De 34-jarige acteur verhuisde toen hij 18 was van België naar Amsterdam, en volgde daar een opleiding aan de Amsterdamse Toneelschool en Kleinkunstacademie. Hij studeerde in 2006 af. Daarna was hij zowel op tv als in het theater te zien. Zo speelde Cammaert in de musical Soldaat van Oranje en was hij in 2017 te zien in televisie-serie Ramses.

Voor Cammaert is het niet de eerste keer dat hij in aanraking komt met De vloer op. Eerder deed hij mee met de gelijknamige theatertour.

Hoe is het om van de theaterversie van 'De Vloer Op' naar tv te gaan?

'In het theater vond ik De vloer op echt heel spannend. Ik was vooral zenuwachtig, omdat het nog zo onbekend was. Ik had besloten dat ik er gewoon meer van moest genieten, als ik het voor tv ging doen.
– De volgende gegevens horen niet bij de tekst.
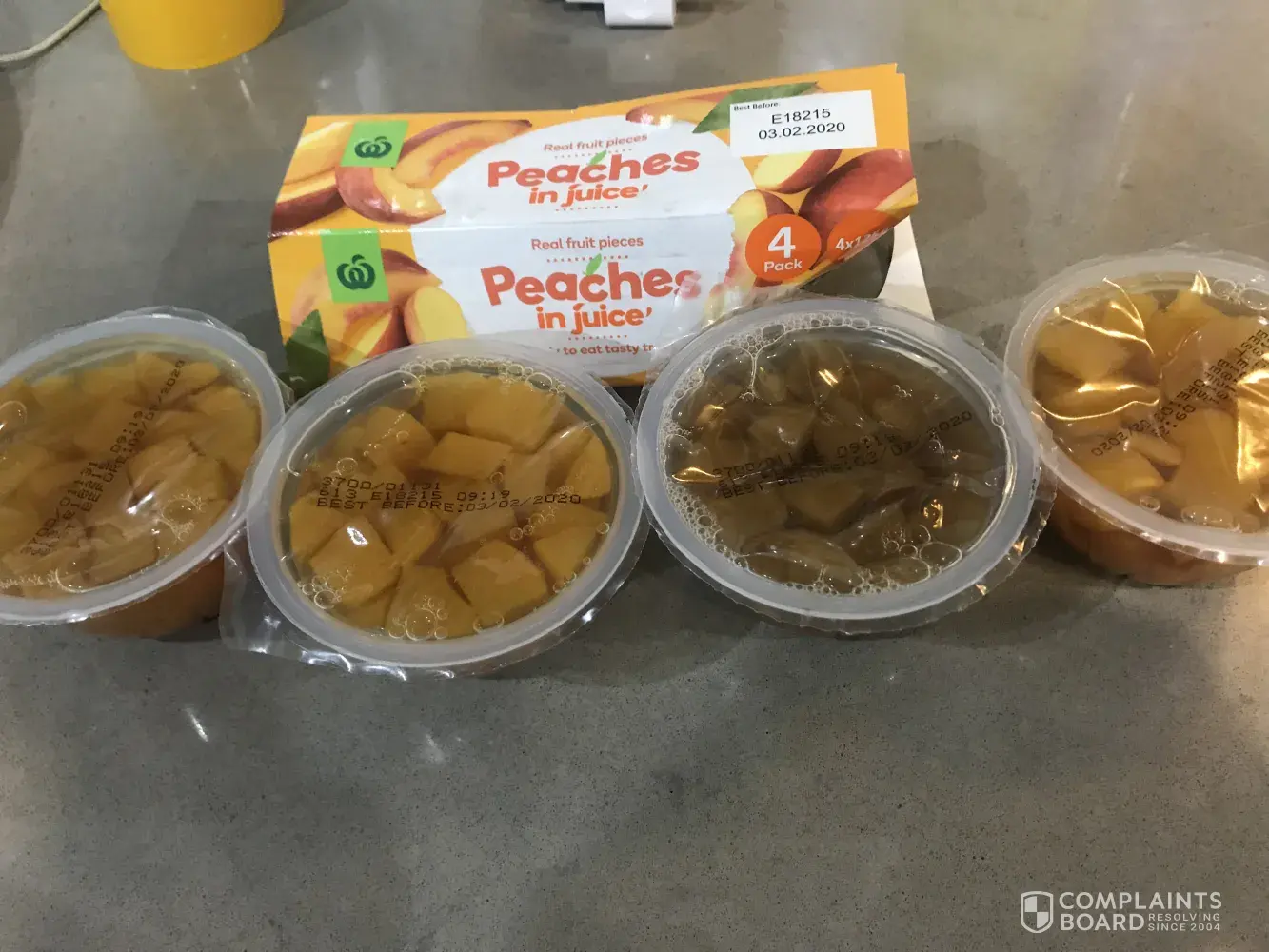 This afternoon I purchased a Woolworths brand - peaches in juice. I normally never have a problem with this product. However, this time I couldn't help noticing the colour difference and something I could not find any child or any pet of that matter.

Dus nu dacht ik: "Het is je vak, je bent er na al die jaren klaar voor." Ik ging met een heel open gevoel de eerste opnames in. En het was echt te gek.'

Wat was je reactie toen je hoorde dat je met het tv-programma mee mocht doen?

'"Shit, dat wordt zweten," dacht ik meteen. Dat wordt echt gewoon niet slapen. Maar ik dacht ook: "Doe het gewoon." Ga er van genieten, want je zit in De vloer op. Dat is echt het ultieme spelen.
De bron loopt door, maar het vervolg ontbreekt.